After this somewhat long description, you may be wondering if the configuration could not have been made simpler, and you may be right, but think of the advantages that this setup offers:

  1. The configuration can be completely changed without even booting any UML system, including the configuration process itself, since the UML systems just blindly execute 'configure.sh', which resides in 'base'.
  2. The configuration process is only carried out once per system and therefore all configuration changes that need to be permanent are done via modifications on the system's file system, exactly where one would expect to find them in any real system. For example, if a new service is added to system 'fw', the directory '/etc/rc<X>.d' (<X> is the execution level) will contain the links to that service, just as one would expect in a real system.
  3. It is possible to store different configurations for totally different exercises in different directories (e.g. 'config_ex1/' and 'config_ex2/') or even tar files (e.g. 'config_ex1.tgz') and thus start each exercise with totally clean systems configured in totally different ways (e.g. moving 'config/' to 'config.old' and then moving or copying 'config_ex1/' to 'config/').

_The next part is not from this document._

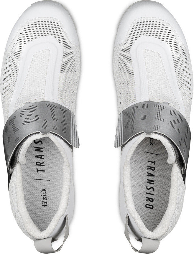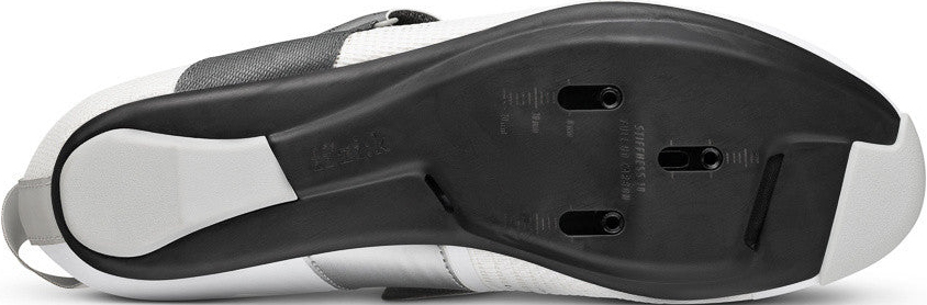 Линейка Transiro от Fizik - это продукты, созданные специально для триатлона, с учетом всех задач и особенностей этого вида спорта. Шоссейные туфли Hydra Aeroweave Carbon - яркий представитель этой линейки. Легкие, дышащие, быстросъемные, эти туфли оснащены легким сетчатым верхом и нейлоновой подошвой очень высокой жесткости, что позволяет сочетать комфорт и эффективность педалирования. С учетом возрастания важности транзитов в триатлоне, будь то спринтерская дистанция или трасса Ironman, Fizik изменили дизайн обуви для соответствия требованиям атлетов. Фиксация на ноге производится с помощью одной широкой ленты велкро с большим круговым обхватом, что позволяет быстро и легко закрепить ступню, а также обеспечивает качественную поддержку. Верх выполнен из мягкой и неупругой крупноячеистой сетчатой ткани Aeroweave, что обеспечивает отличную вентиляцию стопы и позволит избежать избыточной потливости и натирания атлетам, предпочитающим преодоление велосипедной дистанции без носок, без потери эффективности. Подошва из карбона R2 обеспечивает высокий уровень жесткости и оснащена широким воздухозаборником для помощи в терморегуляции. Кроме того, положение шипа на подошве смещено чуть ближе к пятке, что позволяет оптимизировать эффективность педалирования и разгружает коленный сустав.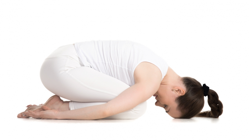Стань на колени, разведи их на ширину плеч, большие пальцы ног должны соприкасаться. Постепенно наклоняйся вниз, пока не сядешь между собственных бедер. Лбом нужно касаться пола. Задержись в этом положении комфортное для себя время, не забывай про дыхание. В позе оставайся 5-6 дыхательных циклов (вдох-выдох это 1 цикл).

The main alternative to this setup, which we found in the Netkit [*] project, is that external commands get executed on the UML systems every time they are booted. In our modest opinion, our approach is more educational because if, on every boot, external commands are executed without following the standard Debian structure then the illusion of working on a real system is broken. For some other activities this fact will just be irrelevant, but since we think of NETinVM mainly as a teaching and learning platform, we have decided to use our setup described above.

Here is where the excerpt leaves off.